The human can now say “move the rocket to the left third” or “make the laptop bigger” before a single pixel is rendered.

For Video: ASCII Storyboard Sequence

For video, produce a series of keyframe ASCII diagrams with timestamps, descriptions, and transition notes.

Prompt: "15-second product demo showing a user dragging
a widget onto a dashboard"

Storyboard:

[0s - 3s] WIDE SHOT: Empty dashboard
┌────────────────────────────────┐
│  Dashboard            [+] [?]  │
│  ┌────┐ ┌────┐ ┌────┐         │
│  │    │ │    │ │    │         │
│  │ .. │ │ .. │ │ .. │         │
│  └────┘ └────┘ └────┘         │
│                                │
│                                │
└────────────────────────────────┘
Camera: Static.
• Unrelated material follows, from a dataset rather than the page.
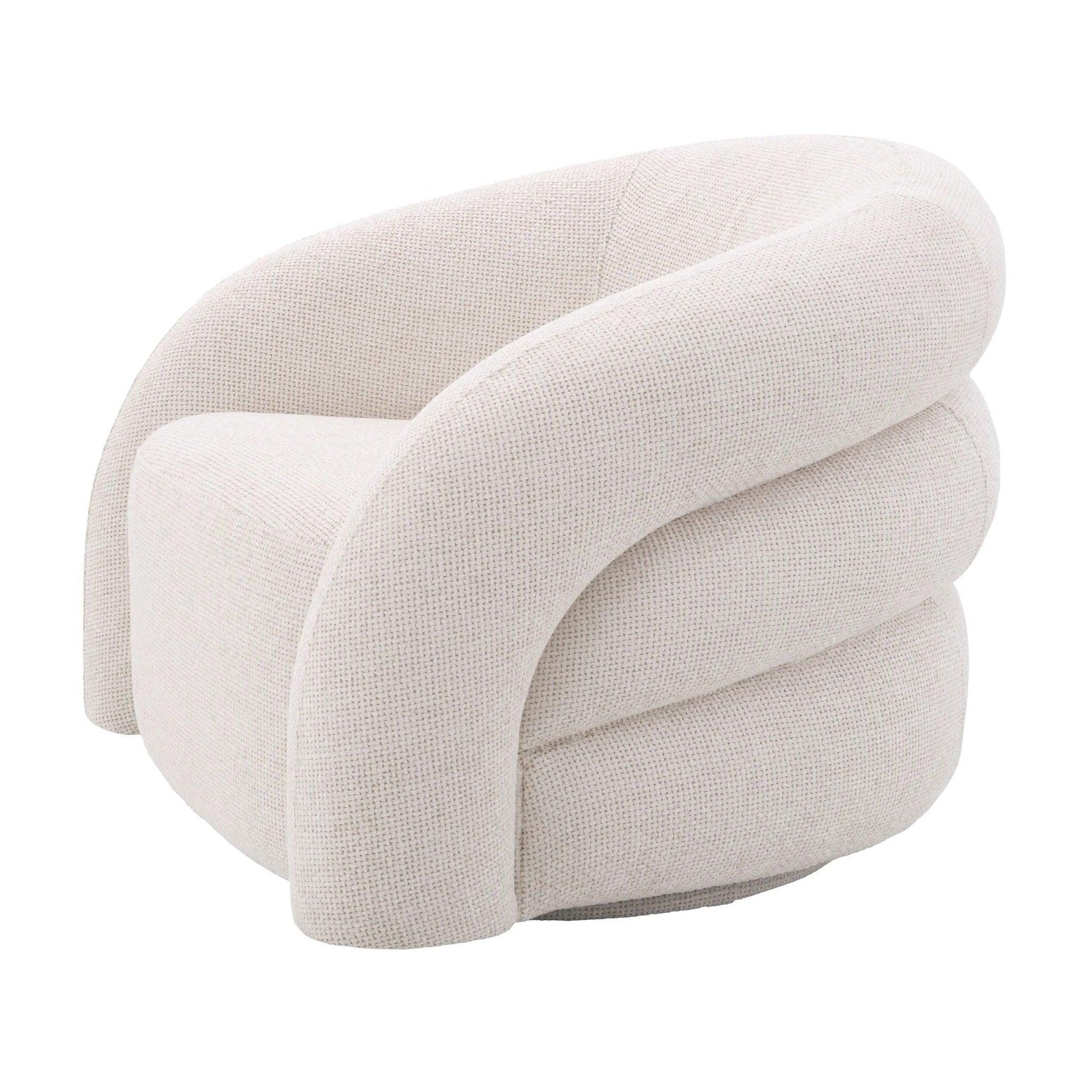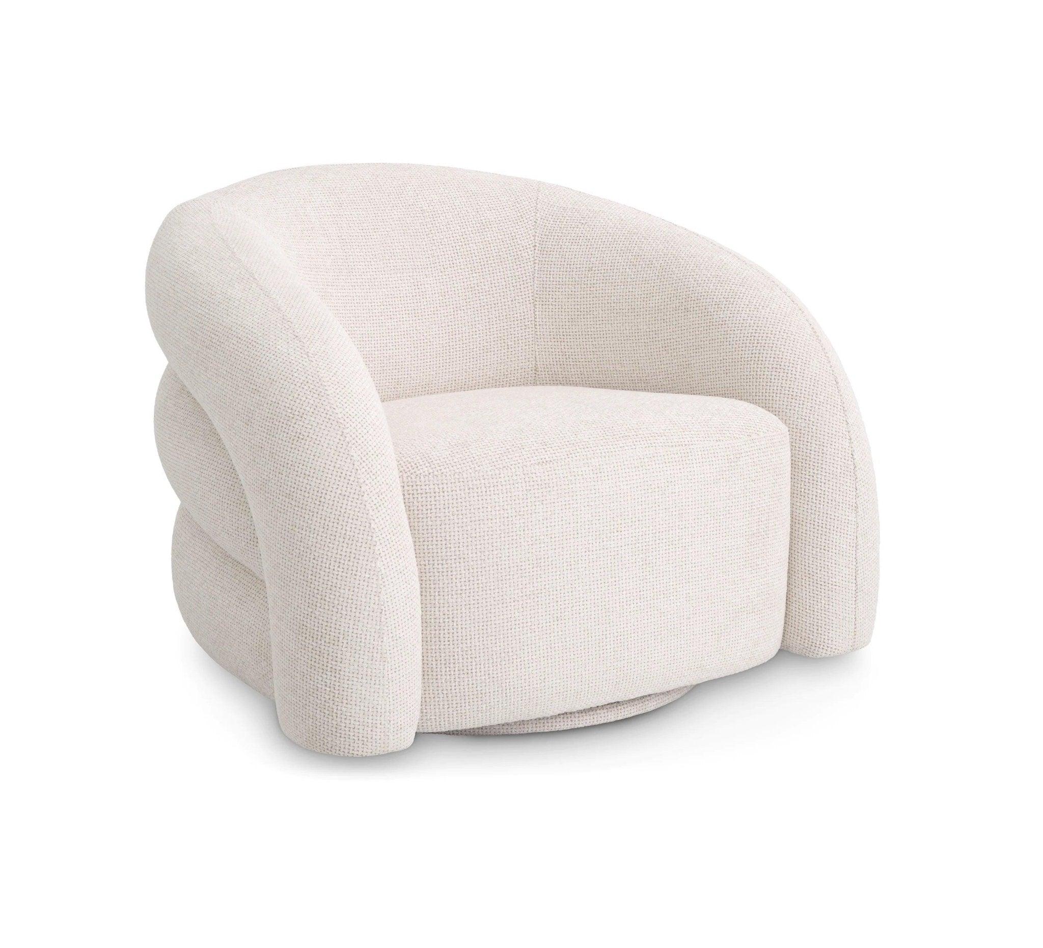 Seine ausdrucksstarken, fast künstlerischen Formen verleihen dem Innenraum einen einzigartigen Charakter. Es ist ein Möbelstück, das nicht nur Funktionen hinzufügt, sondern auch ins Auge fällt und in den Mittelpunkt jedes Raums wird. Lysa -Polster in einem Schatten mit gebrochenem Weiß ist eine extrem stilvolle Wahl. Es ist nicht nur weich und angenehm an die Berührung, sondern gibt auch auch Rotationssessel Romanle Eleganz und Leichtigkeit. Es ist ein Möbelstück, in dem der Komfort des Sitzens Hand in Hand mit Ästhetik geht.

Clean dashboard with 3 existing widgets.
Transition: None (opening frame).

[3s - 7s] SIDEBAR OPENS: Widget panel slides in
┌────────────────────────────────┐
│  Dashboard            [+] [?]  │
│ ┌──────┐ ┌────┐ ┌────┐        │
│ │Widget│ │    │ │    │        │
│ │Panel │ │ .. │ │ .. │        │
│ │      │ └────┘ └────┘        │
│ │ [A]  │                      │
│ │ [B]  │   ← cursor here      │
│ │ [C]  │                      │
│ └──────┘                      │
└────────────────────────────────┘
Camera: Static. Sidebar slides in from left (200ms ease).
Action: Cursor moves to widget [B].

[7s - 12s] DRAG: Widget being dragged into position
┌────────────────────────────────┐
│  Dashboard            [+] [?]  │
│ ┌──────┐ ┌────┐ ┌────┐        │
│ │Widget│ │    │ │    │        │
│ │Panel │ │ .. │ │ .. │        │
│ │      │ └────┘ └────┘        │
│ │ [A]  │     ┌─ ─ ─ ┐         │
│ │      │     │  [B]  │  ← drag │
│ │ [C]  │     └─ ─ ─ ┘         │
│ └──────┘                      │
└────────────────────────────────┘
Camera: Slight zoom to drag area.
Action: Widget [B] follows cursor with drop-shadow.
Ghost outline shows drop target.

[12s - 15s] DROP: Widget snaps into grid
┌────────────────────────────────┐
│  Dashboard            [+] [?]  │
│  ┌────┐ ┌────┐ ┌────┐         │
│  │    │ │    │ │    │         │
│  │ .. │ │ .. │ │ .. │         │
│  └────┘ └────┘ └────┘         │
│  ┌────────────────────┐        │
│  │  Widget B           │        │
│  │  ████████░░░░  75%  │        │
│  └────────────────────┘        │
└────────────────────────────────┘
Camera: Zoom back out to full dashboard.
Action: Widget snaps into grid with spring animation.
Sidebar closes. Success checkmark flashes briefly.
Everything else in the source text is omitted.